Based on the judgment of the above trends, the next evolution direction of the intelligent investment advisory industry is gradually becoming clear. The person in charge of Jiufang Lingxi 4.0 believes that the future iteration and imagination space of AI stock diagnosis tools lie in the dual improvement of cognitive depth and scenario integration.

He mentioned that on the one hand, future tools will move towards "specialization" and "atomization".

Just as medicine has developed from general practice to fine - grained specialties, AI investment advisory will also be further refined and dispersed into multiple vertical fields. For example, "industry expert" models focusing on chip cycles, consumer recovery, or new drug approvals will be formed.

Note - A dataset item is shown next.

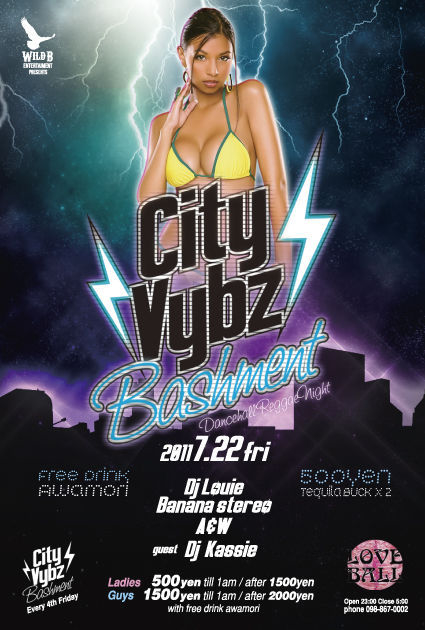 ※管理人様、告知失礼します※ /WILD-B-SOUNDZ Entartainment Presents/ -Every 4th friday Reggae Dancehall- 【CITY VYBZ BASHMENT】 7/22(fri)2011 Music by: Dj Louie Banana Stereo A&W Guest Dj DJ Kassie Mic:POPO JOHNEY and more......... ADM: Ladies: 500yen till 1am /after 1500yen Guys:1500yen till 1am /after 2000yen (with Free awamori) special drink:Tequila Buck x2:500yen OPEN:11pm close:5am PLACE:LOVE BALL(098-867-0002)    那覇市久茂地2−13−14ヨーロピア

At the same time, complex investment analysis capabilities are also expected to be disassembled into more subtle and flexibly combinable "atomic capabilities". For example, detecting abnormal points in financial reports, analyzing industrial chain transmission, evaluating market expectations, and warning of option volatility, enabling intelligent tools to customize personalized analysis solutions for users like assembling Lego bricks.

In terms of scenario integration, the aforementioned person in charge believes that the key lies in seamless intelligent companionship. Specifically, an ideal product should not be a tool that is only remembered when users need it but a partner that can be integrated into the entire investment process around the clock - capable of understanding users' full - scenario needs from pre - market strategy preparation, in - market opportunity capture to post - market review and reflection, and actively providing context - coherent analysis support.

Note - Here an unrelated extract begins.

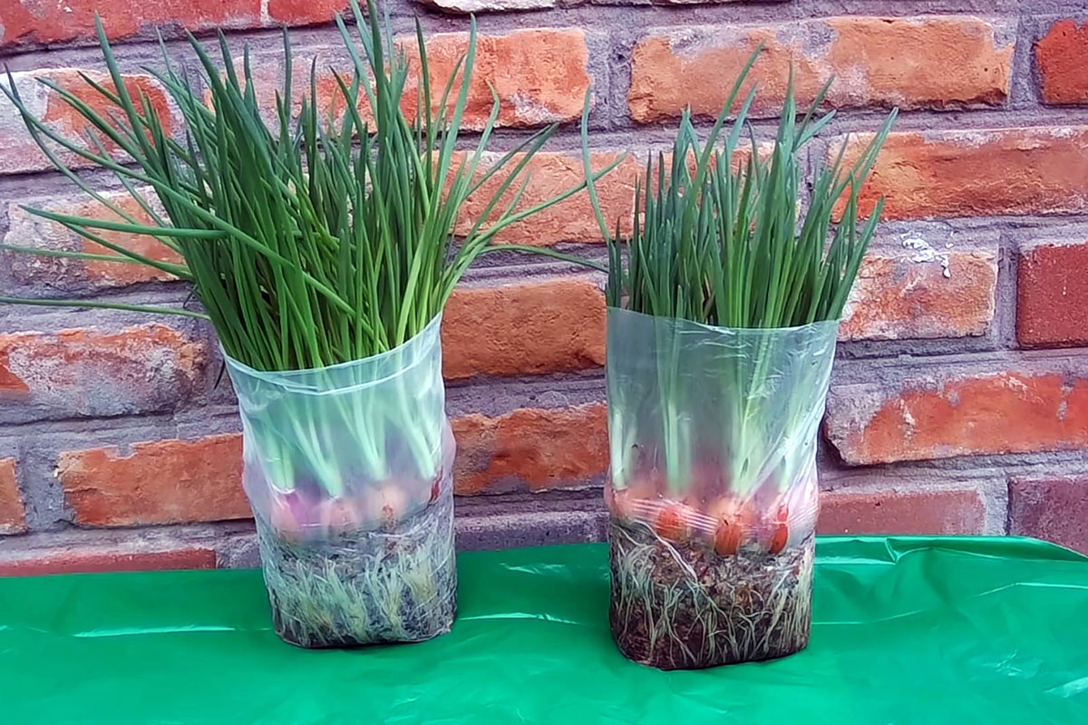 A hagyma „szállítószalag” folyamatosan fog működni, ha kéthetente zacskóba ülteted a hagymát.

For example, after a user pays attention to a certain stock, if the system can automatically push analysis briefs based on the latest information at key nodes such as the release of its financial report, technological breakthroughs, or the introduction of industry policies, making professional - level investment research support seamlessly integrated, it is expected to cultivate users' usage habits and loyalty.

Conclusion

Extracting value from massive information and assisting decision - making from complex data is not only a challenge for current investors but also the stage mission of the evolution of intelligent investment advisory applications. The exploration of various products in the current market not only provides investors with a "private analyst" that everyone can have and use but also, with further breakthroughs in artificial intelligence technology, is expected to help ordinary investors truly understand the capital market, optimize investment decisions, form a more rational research mindset, and truly contribute to "financial inclusion" and "investment equality".

Looking back at the present, the standard for measuring the value of an intelligent investment advisory application is also changing - it is no longer about "knowing" how much but about whether it can think more clearly and deeply. When AI tools start to "really think", investors' return curves may go further.